5. Result Display Flask plugs all of these values into the HTML template and sends the finished page
back to the user's browser.
Fig. 1: System Architecture of AI Fake voice Detector
Page 1532
www.rsisinternational.org
INTERNATIONAL JOURNAL OF LATEST TECHNOLOGY IN ENGINEERING,
MANAGEMENT & APPLIED SCIENCE (IJLTEMAS)
ISSN 2278-2540 | DOI: 10.51583/IJLTEMAS | Volume XV, Issue V, May 2026
C. Why MFCCs? Understanding the Feature Choice
When a human speaks, the shape of their vocal tract leaves a distinctive fingerprint on the sound. MFCCs are
designed to capture exactly that fingerprint in a compact numerical form. The computation loosely mirrors how
our own ears process sound it compresses the frequency axis into a perceptual scale where small differences
at low frequencies matter more than equally small differences at high frequencies. AI-generated voices, even
very good ones, tend to have subtle spectral patterns that differ from natural speech, and MFCCs are sensitive
enough to pick those up.
The extraction steps are fairly straightforward. The audio is first split into short overlapping windows of around
25 milliseconds each, with a Hamming function applied to smooth the edges. A Fourier transform then converts
each window from time to frequency, a Mel filter bank compresses that into 128 perceptual channels, and a
cosine transform decorrelates the result. The first 40 of those decorrelated values are retained, capturing the
overall shape of the spectrum without preserving fine-grained detail that may not generalise well.. Finally, the
mean of each of those 40 values is computed across all frames in the clip, yielding a single fixed-size vector per
audio file regardless of clip duration.
In code, this is just one call to librosa.feature.mfcc(y=audio, sr=sr, n_mfcc=40) followed by a np.mean across
the time axis.
D. Training the Random Forest Model
The model was trained using scikit-learn's Random Forest implementation with 100 decision trees. Choosing
Random Forest was a deliberate decision rather than a default choice. Individual decision trees are easy to overfit
they can memorise the training data rather than learning patterns that transfer to new samples. A Random
Forest trains each of its trees on a slightly different random subset of the data and a random subset of the features,
then takes a majority vote at prediction time.

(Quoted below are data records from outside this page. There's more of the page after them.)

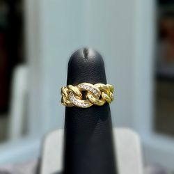 Jewelry 10k solid yellow gold white cz stones 0.20CTW cuban link ring sz 6.00$350Pompano Beach, FL
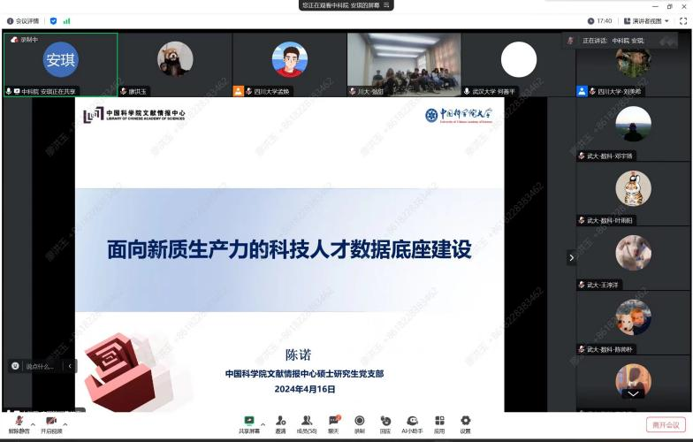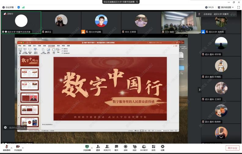 4月16日下午2:30,武汉大学、中国科学院大学、中山大学、PA视讯游戏官网四所高校信息资源管理学科的学生党支部相聚云端联合举办“学习全国两会“新”精神,凝聚信管党员“红”力量”主题党日。本次活动由PA视讯游戏官网研究生第九党支部支部书记孟焕主持,各支部党员分别在各自分会场参加。
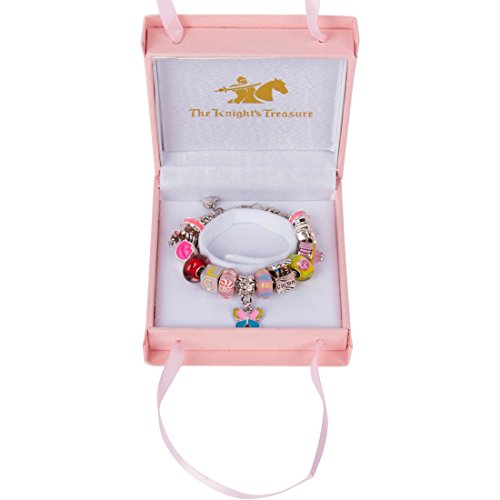 Girls Charm Bracelet With Charms, Fits European Style Jewelry Jewelry, Pink First Day Of School
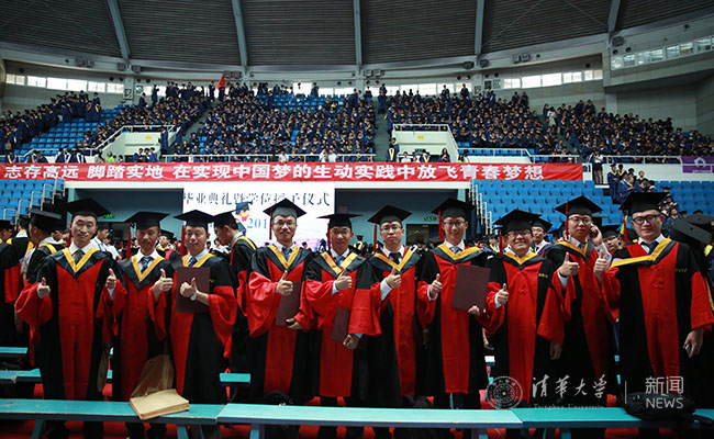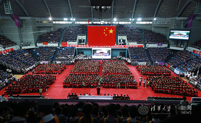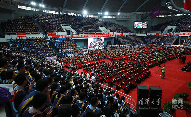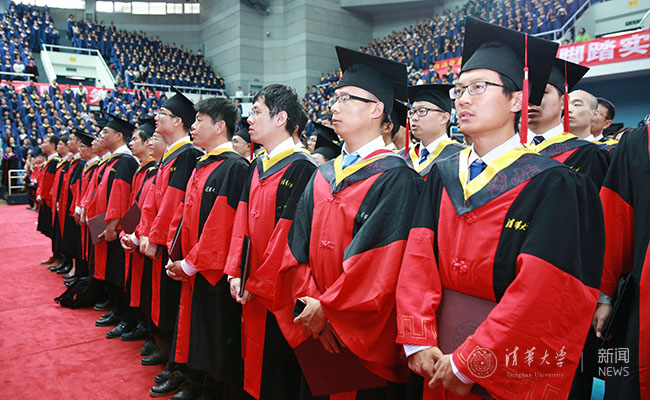 各院系领导和自己的毕业生坐在一起,在主持人介绍嘉宾环节,每当介绍到本院系时,教师起立致意,同学们集体欢呼。全场的欢呼声如大海波浪般此起彼伏,正是对老师们多年谆谆教诲感激之情的深情表达。当校领导和嘉宾随后出场时,全场欢呼声达到高潮,并报以热烈的掌声。
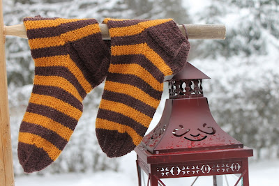 Lahjasukkiakin olisi voinut kutoa, mutta halusin hemmotella itseänikin syksyn ahkeruuden jälkeen. Niinpä kaivoin houkuttelevan väriset Maija-langat kopasta ja tein ihan oman maun mukaiset sukat, yksinkertaiset, raidalliset, ja ihanan väriset!
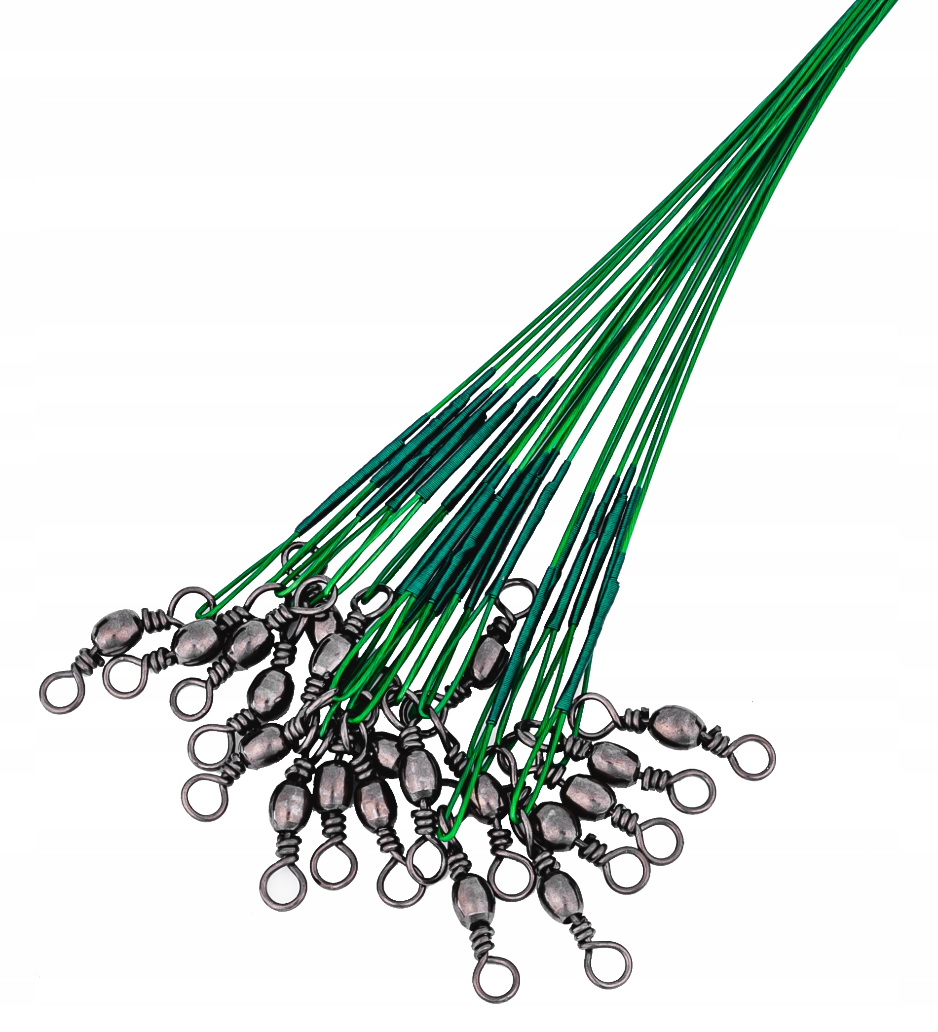 НАБІР СПІНІНГІВрізної довжини, які можна використовувати на спінінгах і на живця. Міцні поводки, оснащені вертлюжком і безпечною шпилькою:
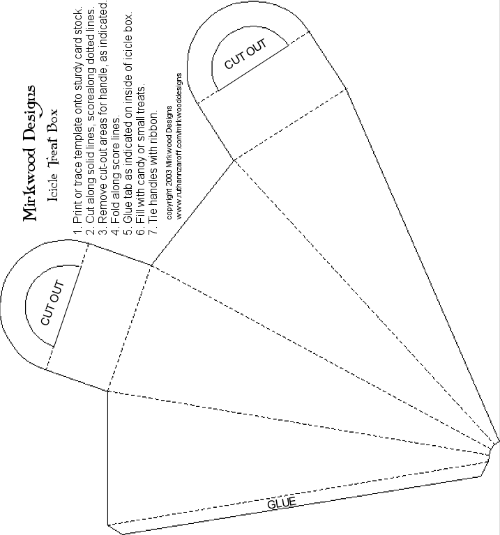 HERE FOR THE PRINTABLE TEMPLATE Note: Please make sure your printing margins are set to .5 inches (half an inch) or the template will not print completely. In your browser's Menu bar, select File > Page Setup, and change the margin settings to .5. (The selections may be slightly different between browsers.) This template makes a box shaped like an icicle, perfect to hang on your Christmas tree, or as a table decoration for each of your special holiday guests. It is based on a vintage Christmas box from the early 20th century. This box is perfect for holding candies or small treats! |
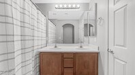 Welcome to this charming 3 bedroom,2.5 bath home with a thoughtful two story floor plan in the highly desired Casa Del Ray at Camino A Lago community. The main level offers porcelain plank tile flooring,a kitchen complete with white cabinetry,stainless steel and black appliances,ample storage,and generous countertop space. The open living and dining areas are perfect for entertaining with seamless access to the private courtyard through sliding glass doors. Spacious primary suite with a full bath and walk-in closet. Home is complete with blinds,ceiling fans,and a convenient laundry room with washer and dryer. Enjoy a low maintenance private courtyard and a 2-car tandem garage. Community offers fantastic community amenities including a pool & spa,playgrounds,and scenic biking/walking trails. Close to schools,shopping and dining. Quick access to the Loop 303 makes commuting easy. Shorter term leases are an option.

That averaging process irons out the noise and produces a much
more stable and generalisable result.
The training data lives in two folders: dataset/Real/ for genuine human recordings and dataset/Fake/ for AI-
generated ones, in both WAV and MP3 formats. The training script (train_models.py) loads every file, computes
its MFCC vector, and assembles a labelled dataset. That dataset is split 80/20 into training and test sets, the
model is trained on the larger portion, and then accuracy is measured on the held-out test examples. once training
performance meets the required threshold, the trained model is saved to voice_classifier_model.pkl using joblib,
so it can be loaded instantly every time the web app starts without going through training again.
E. The Web Application
The web interface is a single Python file, app.py, that uses Flask to handle requests. When the server starts, it
immediately loads the saved model into memory so that predictions happen without any delay. The app has just
one URL route that handles both page loads and file uploads. When a user visits the page in their browser, they
see a clean upload form. When they submit a file, the app saves it to a temporary location with a randomly
generated filename (to avoid any conflicts if multiple people are using it at the same time), runs the feature
extraction and classification, and then deletes the file before sending back the results. This means no audio is
stored on the server.
The results page shows the user five things: whether the voice is real or fake, the model's confidence in that
judgment, a repeat of that confidence as a prediction accuracy figure, how long the audio clip was, and what
sample rate it was recorded at. The front end is styled with a dark, high-contrast theme and includes a small piece
of JavaScript that confirms the file was selected before the form is submitted, preventing unnecessary empty
submissions.
F. Technology Stack
The project runs on Python 3.12 inside a virtual environment. The key libraries are Flask for the web layer,
LibROSA for audio loading and MFCC extraction, NumPy for the numerical operations, scikit-learn for the
Page 1533
www.rsisinternational.org
INTERNATIONAL JOURNAL OF LATEST TECHNOLOGY IN ENGINEERING,
MANAGEMENT & APPLIED SCIENCE (IJLTEMAS)
ISSN 2278-2540 | DOI: 10.51583/IJLTEMAS | Volume XV, Issue V, May 2026
Random Forest classifier, joblib for saving and loading the model, and Sound File as a backup audio decoder for
formats that LibROSA cannot handle directly. The whole setup was built and tested on Windows 10 and 11, and
the virtual environment (venv) keeps the dependencies isolated so the project can be set up cleanly on any
compatible machine.
RESULT AND ANALYSIS
To evaluate system performance, three classifier configurations were trained and tested on the same labelled
dataset of real and AI-generated voice recordings. The results are shown in Fig .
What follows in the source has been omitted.